- Problem requirements -
The result should be the listing below restated word for word, with images left out.

- Supplied material -
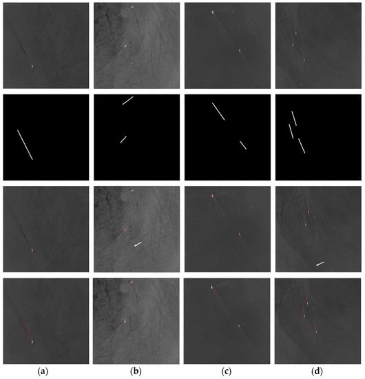 Some SAR samples and detection results of the ship wake: (a) Single wake; (b–d) Multiple wakes.
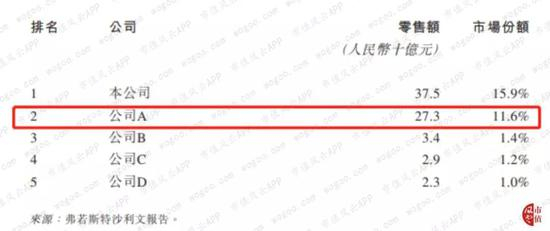 根据滔搏国际的招股说明书,2018财年(注:以2019年2月28日作为2018财年最后一天)销售额为375亿元,市场份额为15.9%,排名第一。
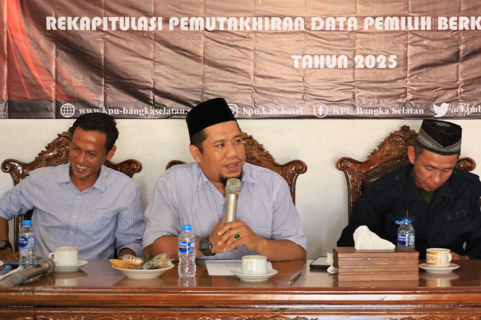 Hari Rabu Tanggal 2 Juli Tahun 2025 - KPU Kabupaten Bangka Selatan telah melaksanakan Rapat Pleno Pemutakhiran Data Pemilih Berkelanjutan (PDPB) Triwulan II Tahun 2025, yang di hadiri oleh Ketua KPU Kabupaten Bangka Selatan Muhidin beserta Anggota Komisi Pemilihan Umum Kabupaten Bangka Selatan yaitu Dese Candra Divisi Hukum, Rahmad Nadi Divisi Perencanaan, Data dan Informasi, Syahrullah Divisi Sosial Pendidikan Pemilih, Partisipasi Masyarakat dan Sumber Daya Manusia dan Zio Loenzah Monarek Divisi Teknis Penyelenggara, beserta Stake Holder yaitu Polres Bangka Selatan, Kodim 0432 Bangka Selatan, Bawaslu Kabupaten Bangka Selatan, Kemenag Bangka Selatan, Disdukcapil Bangka Selatan dan BPS Bangka Selatan.

- Solution to this problem -
 Some SAR samples and detection results of the ship wake: (a) Single wake; (b–d) Multiple wakes.
 根据滔搏国际的招股说明书,2018财年(注:以2019年2月28日作为2018财年最后一天)销售额为375亿元,市场份额为15.9%,排名第一。
 Hari Rabu Tanggal 2 Juli Tahun 2025 - KPU Kabupaten Bangka Selatan telah melaksanakan Rapat Pleno Pemutakhiran Data Pemilih Berkelanjutan (PDPB) Triwulan II Tahun 2025, yang di hadiri oleh Ketua KPU Kabupaten Bangka Selatan Muhidin beserta Anggota Komisi Pemilihan Umum Kabupaten Bangka Selatan yaitu Dese Candra Divisi Hukum, Rahmad Nadi Divisi Perencanaan, Data dan Informasi, Syahrullah Divisi Sosial Pendidikan Pemilih, Partisipasi Masyarakat dan Sumber Daya Manusia dan Zio Loenzah Monarek Divisi Teknis Penyelenggara, beserta Stake Holder yaitu Polres Bangka Selatan, Kodim 0432 Bangka Selatan, Bawaslu Kabupaten Bangka Selatan, Kemenag Bangka Selatan, Disdukcapil Bangka Selatan dan BPS Bangka Selatan.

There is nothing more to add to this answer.